Before Midnight: And just to end things on a much more positive note, here’s a little bite-sized review for this film, which I wrote months back, but failed to publish for a deadline. I really loved it, and think you might too.

“18 years after first letting us eavesdrop on a fateful meeting between two strangers, director Richard Linklater is still treating his magnum opus as one big excuse to break the most important rule in filmmaking: show don't tell. Before Midnight, the third in an audacious, globetrotting series of old school two-handers, is all talk, all the time. But as with Before Sunrise and Before Sunset before it, “Midnight's” talk is the kind of charming, romantic, wistful, and brutally honest conversation that turns a seemingly insufferable premise into something special. That all the talk is set against a gorgeous Greek backdrop, and spoken by leads that have only gotten better with each film, is just icing on the cake.

Nine years into what others would call a successful relationship, Celene and Jesse have grown to be strangers to the people they once were, as well as one another. Worn down by the inertial weight of parenthood, work, and commitment, a night away from the kids filled with long takes of long talks reignites the playful thrill of discovery that comes from two people sharing themselves openly and completely, even if just for a night. But as the evening progresses, a flood of relationship detritus, the kind that builds and festers the longer you know someone, threatens to overwhelm all. Ethan Hawke and Julie Delpy leave nothing off the camera, as the years’ worth of stray looks, offhand comments, and things left unsaid between Jesse and Celeste provide all the ammo needed to rewrite the entire story of the "Before" saga.

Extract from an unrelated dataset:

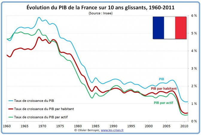 Renouer avec une plus forte croissance économique mesurée par celle du produit intérieur brut, le fameux PIB, est devenu une idée fixe dans les média et chez les responsables politiques. C’est particulièrement vrai depuis la « Grande récession » américaine vite transmise à l’Europe et au reste du monde notamment depuis 2009. Mais, c’est plus ancien. Rappelons-nous : « La croissance, j’irai la chercher avec les dents » avait lancé Nicolas Sarkozy pendant la campagne électorale au début de 2007. En 2012, la croissance économique était toujours un focus dans le débat de campagne. Le candidat socialiste avait donné ses prévisions de croissance en France : 0,5% pour 2012 et 1,7% pour 2013. Il laissait espérer "de 2% à 2,5% en fin de mandat". On voit ce qu’il en est et comment ce hiatus entre ces paroles entendues comme des promesses et les évolutions des revenus et du chômage pèsent sur la popularité de l’équipe en place.

The films have made for a subversive and self-aware rebuke to institutionalized images of Hollywood romance, yet their intoxicating brio has changed with age, becoming equal parts bitter and bittersweet. Before Midnight is too experienced for the youthful optimism of Sunrise and too tired to try and be as sexy as Sunset, but makes for a natural, and heart-wrenching continuation of Linklater's experimental look at what it means to love another person for the long haul. Ending once more on a moment of intimate ambiguity, it seems the only certainty for the future of Celene and Jesse is that they will have one, shared or otherwise. It's just a shame we'll have to wait until 2022 to find out what that future holds.”

New Articles For Week of Rest of 2012

Happy New Year's Eve everybody, let tonight's celebrations be merry, and your holiday hangovers brief. Last update for the year, with final 2012 episodes from both Arrow and Parks and Recreation. But as a special year end send-off, I also threw together a Top 20 TV shows of 2012 article for Wegotthiscovered last week, part 1 of which can be found here. Part 2, which has the Top 10, as well as a video top 10 I cooked up, is right here. The video portion was a real learning experience, in that I learned when I do a Top 10 list, my writing patterns ape Alan Sepinwall, but my voice sounds like Dan Fineberg, two very fine TV critics I hope to learn more from in 2013. 2012's been another fruitful year of this little experiment, one that I assure you will only be getting weirder, more refined, and more refined in its weirdness, next year. Thanks for reading, and happy New Year!